Sheng has a lot of interesting properties, which I’ll follow up in later posts:
- There are several strategies for having a “noisy” Sheng – that is, one that can stop, raise a callback, or write to a buffer whenever it encounters some “interesting” state (e.g. an accept state).
- There are also a number of ways Sheng can be adapted to handle a larger portion of the pattern matching task.
- These is nothing inherently x86-centric about Sheng. The TBL instructions on Neon could be used to build up the same facility on ARM, and the multiple register variants of these instructions could be used to build 32, 48 or 64-state DFAs.
- An AVX2 machine can run two independent 16-state DFAs at once for the same cost, although there is no cost-free way for them to interact. AVX 512 adaptation of the same techniques allows 4 such independent 16-state DFAs.

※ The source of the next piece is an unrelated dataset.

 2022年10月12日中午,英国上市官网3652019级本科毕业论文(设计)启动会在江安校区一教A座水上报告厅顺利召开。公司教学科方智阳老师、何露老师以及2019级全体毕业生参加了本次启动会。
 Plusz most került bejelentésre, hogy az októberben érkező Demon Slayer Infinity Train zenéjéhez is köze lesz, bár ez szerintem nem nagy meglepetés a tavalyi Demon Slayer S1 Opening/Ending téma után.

- AVX512 also allows other exotic structures, including larger DFAs using the 16-bit permute operations, including the 2-source permutes.

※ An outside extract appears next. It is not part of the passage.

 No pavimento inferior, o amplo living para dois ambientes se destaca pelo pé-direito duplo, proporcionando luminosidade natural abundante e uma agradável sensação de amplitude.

- AVX512 VBMI adds VPERMB and 2-source byte permutes, allowing this technique to be extended to 64 or even 128 states! However, the added latency of these permutes means that a simplistic implementation will be much slower.
- Since PSHUFB is a permute, it’s possible to compute blocks of this operation out-of-order. This can be exploited to improve throughput where latency of an operation is not equal to throughput – this is not true of PSHUFB or VPSHUFB but is true of some of the more recent shuffle instructions (for example, many of the AVX512 16-bit shuffles are latency=7 throughput=2) and will likely be true of the next generation of shuffle instructions.

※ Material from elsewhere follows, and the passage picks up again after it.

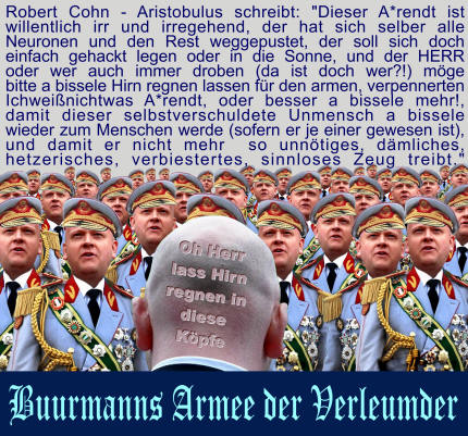 Aristobulus schreibt: Dieser A*rendt ist willentlich irr und irregehend, der hat sich selber alle Neuronen und den Rest weggepustet, der soll sich doch einfach gehackt legen oder in die Sonne, und der HERR oder wer auch immer droben (da ist doch wer?!) möge bitte a bissele Hirn regnen lassen für den armen, verpennerten Ichweißnichtwas A*rendt, oder besser a bissele mehr!, damit dieser selbstverschuldete Unmensch a bissele wieder zum Menschen werde (sofern er je einer gewesen ist), und damit er nicht mehr so unnötiges, dämliches, hetzerisches, verbiestertes, sinnloses Zeug treibt.
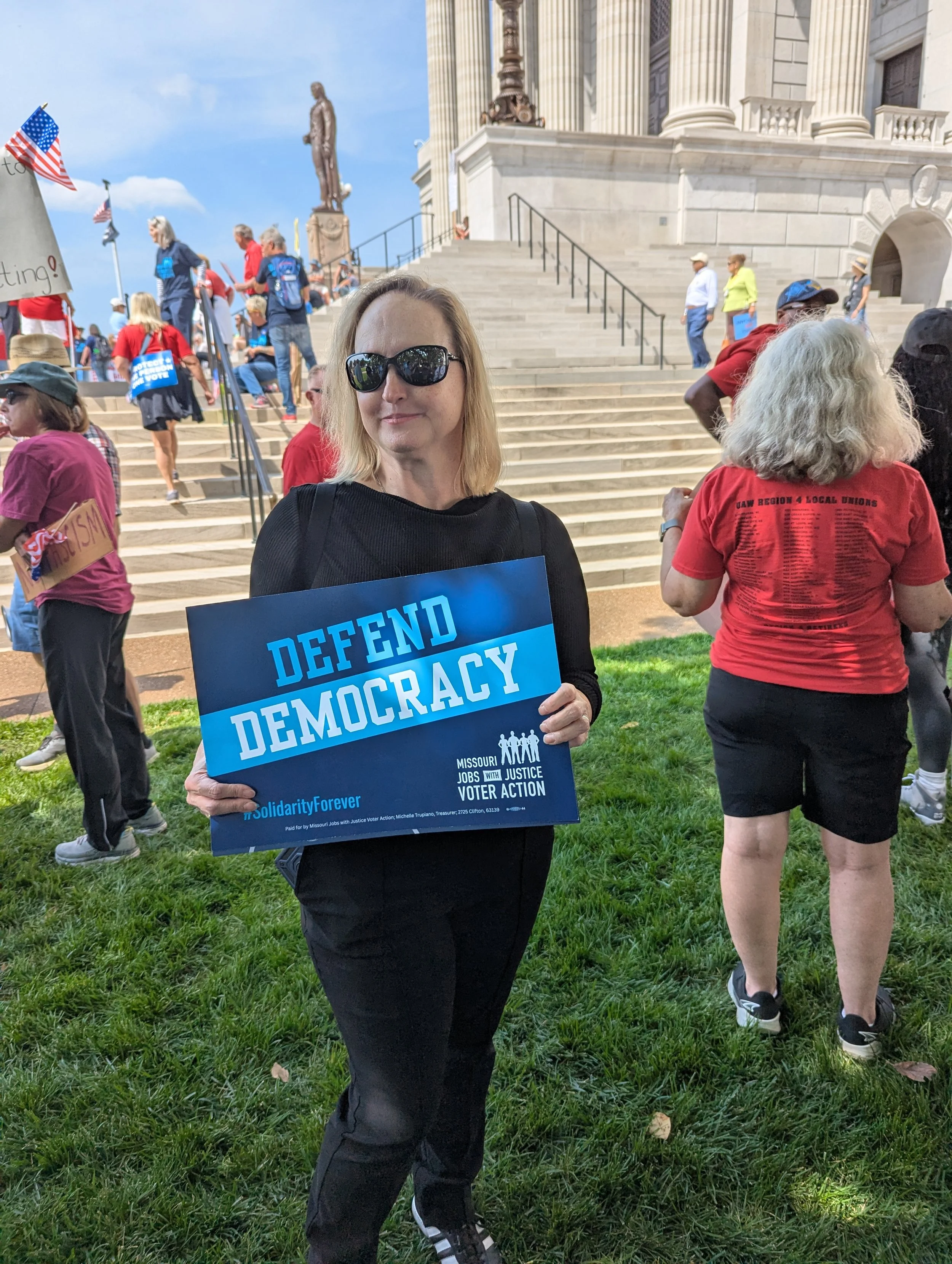 Meredith Sumenek grew up in the Midwest and was the first person in her family to graduate from college. Today, she is the president of the Tesson Ferry Democratic Organization, where she helps people learn about local and state issues and why it's important to be an informed and active voter.

- Note that a 2-source permute is not straightforwardly handled by this, as in order to turn permutes over a block on input into a function, we must calculate all possible outcomes on all states. This becomes prohibitively expensive with already large operations.
- This out-of-order computation is not particularly suitable where a “noisy” Sheng is required
Until then, I hope you enjoyed Sheng, and you can find the code on Github.
https://github.com/geofflangdale/sheng
[ please note: it is essentially a ‘sketch’, lacking many features and there is approximately zero software engineering applied to it. The Sheng and BasicDFA structures should related through static or dynamic polymorphism so that they can share test drivers, but I didn’t want to start designing a more generalized interface until I have built out more of the Sheng variants, so I used cut-n-paste-polymorphism 🙂 ]
[ also note: yes, there are many ways to make DFAs run faster, including acceleration, gluing the characters together and various other tricks. There are also a bunch of ways to make DFAs run slower; typically by implementing them on specialized hardware add-in cards, then waiting geological ages to get the data to the cards and the matches back. ]
* I independently invented this technique along with some researchers at Microsoft Research; if anyone can recall the paper where this technique is documented, please let me know and I’ll put in a link and appropriate credit.
Update: Anuj Kalia, in comments, identified a Microsoft Research paper that’s possibly what I saw as Data-Parallel Finite-State Machines – Microsoft Research – for the 16-state case, I believe this approach converges to be functionally equivalent to Sheng. We discovered this work only when we went looking to establish originality of Sheng…
** Anatoly Burakov wrote the first implementation of Sheng within Hyperscan. Alex Coyte later extended Sheng to work as part of a much larger DFA, a subsystem which he felt moved to dub “Shengy McShengface”, for reasons he may not be able to adequately explain.